- **Provided data**:
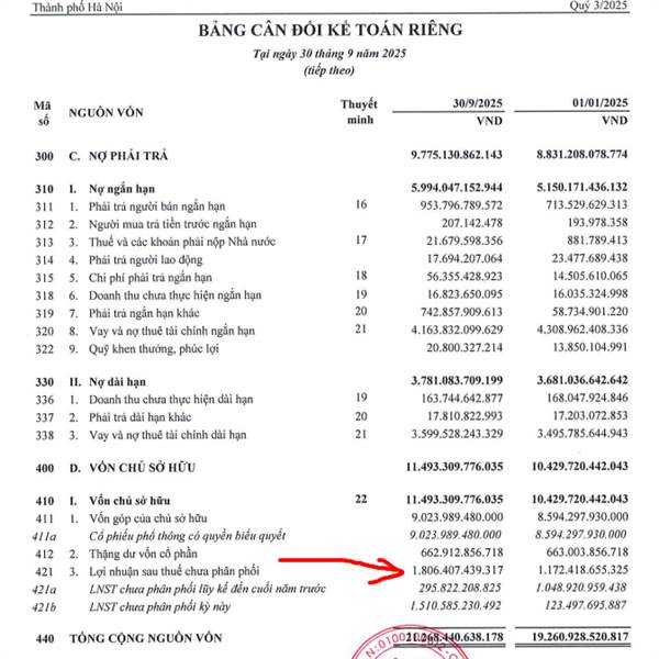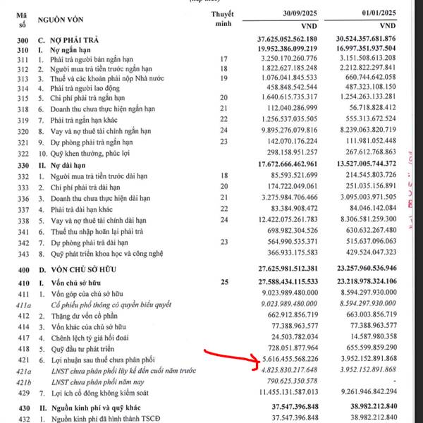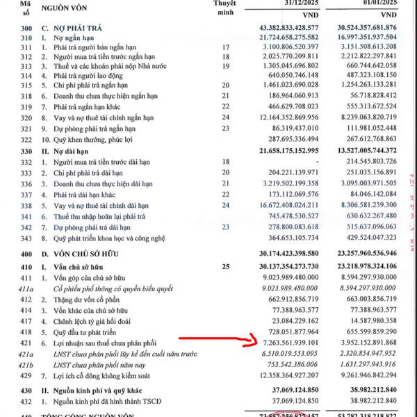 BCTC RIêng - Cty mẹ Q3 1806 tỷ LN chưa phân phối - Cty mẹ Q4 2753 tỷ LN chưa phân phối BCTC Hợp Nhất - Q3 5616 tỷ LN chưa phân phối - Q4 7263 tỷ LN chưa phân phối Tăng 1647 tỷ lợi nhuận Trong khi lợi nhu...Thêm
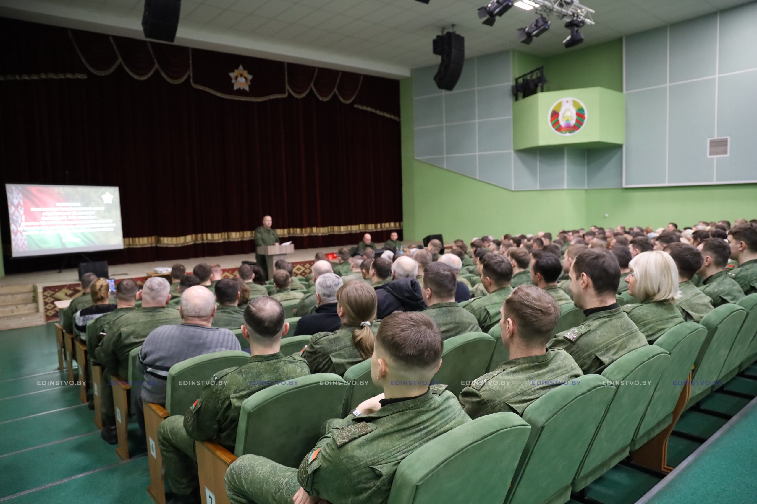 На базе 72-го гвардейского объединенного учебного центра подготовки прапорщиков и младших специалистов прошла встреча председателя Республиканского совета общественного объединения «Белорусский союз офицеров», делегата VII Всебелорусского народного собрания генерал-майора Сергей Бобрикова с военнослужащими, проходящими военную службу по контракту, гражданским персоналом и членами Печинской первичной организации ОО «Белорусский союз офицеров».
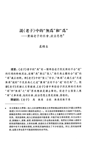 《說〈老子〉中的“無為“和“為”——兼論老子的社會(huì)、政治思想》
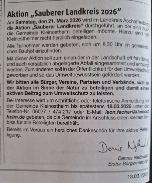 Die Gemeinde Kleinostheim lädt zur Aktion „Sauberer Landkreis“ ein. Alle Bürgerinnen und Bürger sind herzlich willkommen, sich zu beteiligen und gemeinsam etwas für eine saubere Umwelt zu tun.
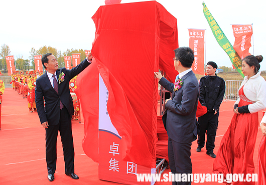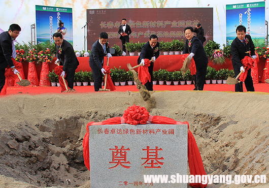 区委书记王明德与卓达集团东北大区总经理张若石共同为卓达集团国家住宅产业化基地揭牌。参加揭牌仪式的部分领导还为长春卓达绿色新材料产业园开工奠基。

---

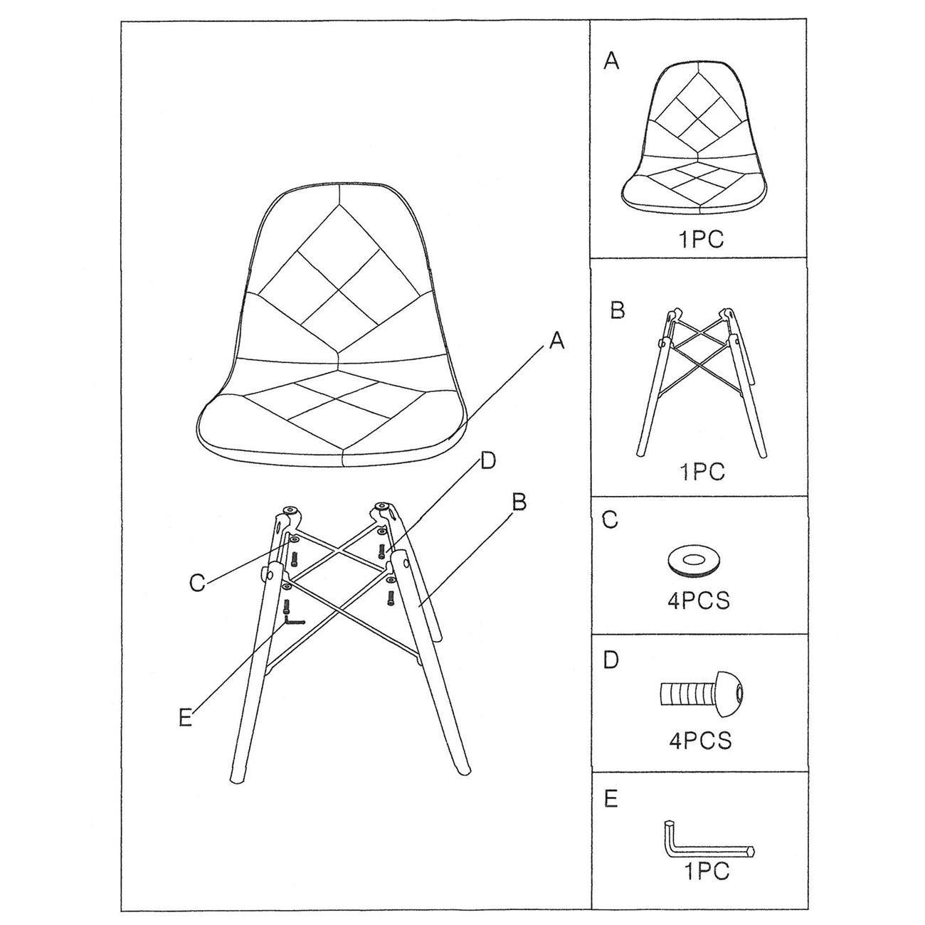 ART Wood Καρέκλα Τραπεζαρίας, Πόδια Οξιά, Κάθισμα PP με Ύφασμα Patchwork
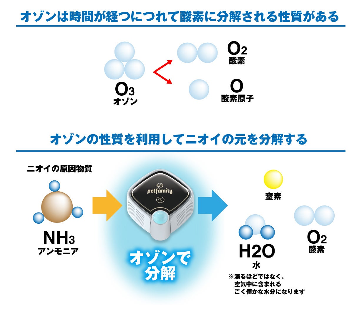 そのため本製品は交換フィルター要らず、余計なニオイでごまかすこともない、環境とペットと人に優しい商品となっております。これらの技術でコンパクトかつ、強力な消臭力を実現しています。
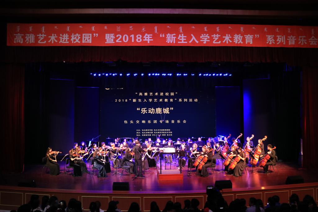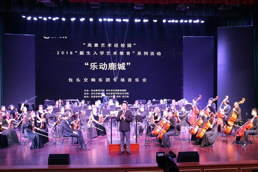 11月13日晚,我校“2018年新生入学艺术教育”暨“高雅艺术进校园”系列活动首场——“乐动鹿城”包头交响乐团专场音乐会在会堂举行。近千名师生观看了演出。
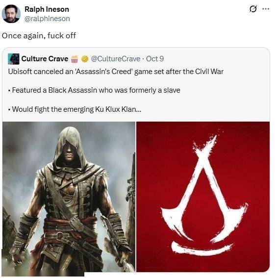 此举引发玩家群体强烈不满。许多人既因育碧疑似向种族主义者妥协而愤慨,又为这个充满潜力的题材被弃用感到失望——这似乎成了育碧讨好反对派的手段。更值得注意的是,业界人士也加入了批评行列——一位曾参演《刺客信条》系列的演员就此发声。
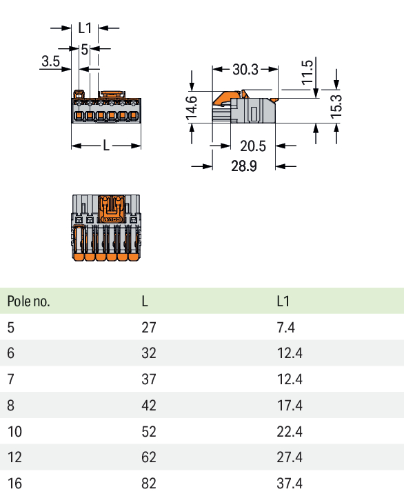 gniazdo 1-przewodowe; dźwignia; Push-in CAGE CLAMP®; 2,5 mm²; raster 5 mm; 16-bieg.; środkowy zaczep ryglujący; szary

...

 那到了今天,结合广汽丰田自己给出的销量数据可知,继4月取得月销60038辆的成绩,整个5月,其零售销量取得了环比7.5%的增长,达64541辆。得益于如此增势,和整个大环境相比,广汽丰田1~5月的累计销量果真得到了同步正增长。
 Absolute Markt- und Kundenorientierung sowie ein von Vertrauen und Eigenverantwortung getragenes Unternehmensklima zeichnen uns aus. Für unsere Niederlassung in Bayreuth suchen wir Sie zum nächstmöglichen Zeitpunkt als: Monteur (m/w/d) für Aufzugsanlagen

- **Work instructions**:
Nothing outside the stretch above, from the line with "Die Gemeinde Kleinostheim" through the line with "区委书记王明德与卓达集团东北", is set down. Transcribe that stretch exactly, ends included, but not its pictures.

- **Task response**:
 Die Gemeinde Kleinostheim lädt zur Aktion „Sauberer Landkreis“ ein. Alle Bürgerinnen und Bürger sind herzlich willkommen, sich zu beteiligen und gemeinsam etwas für eine saubere Umwelt zu tun.
 区委书记王明德与卓达集团东北大区总经理张若石共同为卓达集团国家住宅产业化基地揭牌。参加揭牌仪式的部分领导还为长春卓达绿色新材料产业园开工奠基。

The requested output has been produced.